- Left fielder
- Born: November 8, 1967 (age 58) Santo Domingo, Dominican Republic
- Batted: LeftThrew: Left

MLB debut
- July 5, 1992, for the Los Angeles Dodgers

Last MLB appearance
- May 7, 2002, for the Montreal Expos

MLB statistics
- Batting average: .259
- Home runs: 160
- Runs batted in: 523
- Stats at Baseball Reference

Teams
- Los Angeles Dodgers (1992–1995); Montreal Expos (1995–1997); Chicago Cubs (1998–2000); Florida Marlins (2000); New York Yankees (2001); Montreal Expos (2002);

Career highlights and awards
- All-Star (1996);

= Henry Rodríguez (outfielder) =

Dominican baseball player (born 1967)

Henry Anderson Rodríguez Lorenzo (born November 8, 1967) is a Dominican former professional baseball outfielder, who played in Major League Baseball (MLB) for the Montreal Expos, Chicago Cubs, Los Angeles Dodgers, New York Yankees, and Florida Marlins from 1992 to 2002.

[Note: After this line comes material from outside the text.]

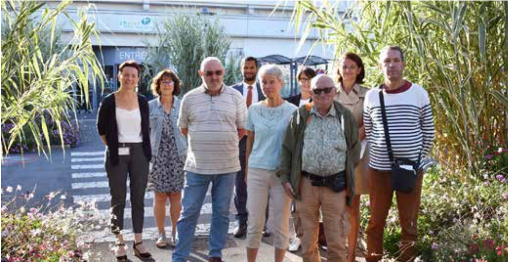
La semaine d'information sur la santé mentale est orchestrée par un collectif rassemblant professionnels, usagers et familles d'usagers.

Les semaines d'information sur la santé mentale visent à sensibiliser, prévenir et rassembler, en proposant différents temps forts.

Rodríguez was a member of the 1996 National League (NL) All-Star team as a member of the Expos, hitting a career high 36 home runs that year; which was the Expos team record at the time. He was voted the Montreal Expos Player of the Year in 1996.

Rodríguez was a key player on the Cubs 1998 Wild Card winning team, and the addition of his bat into the cleanup slot in the Cub lineup helped give slugger Sammy Sosa, who hit third, an advantage, as Sosa slugged 66 home runs in 1998.

In Montreal, it became a tradition to throw Oh Henry! bars onto the field after a Rodriguez home run. "Oh Henry" was a popular home run call from Expos broadcaster Rodger Brulotte.

In 2005, while playing for the Long Island Ducks of the independent Atlantic League, Rodriguez led the league with a .322 batting average.

Rodríguez's son, Anderson Rodríguez is an outfielder in the Los Angeles Angels organization.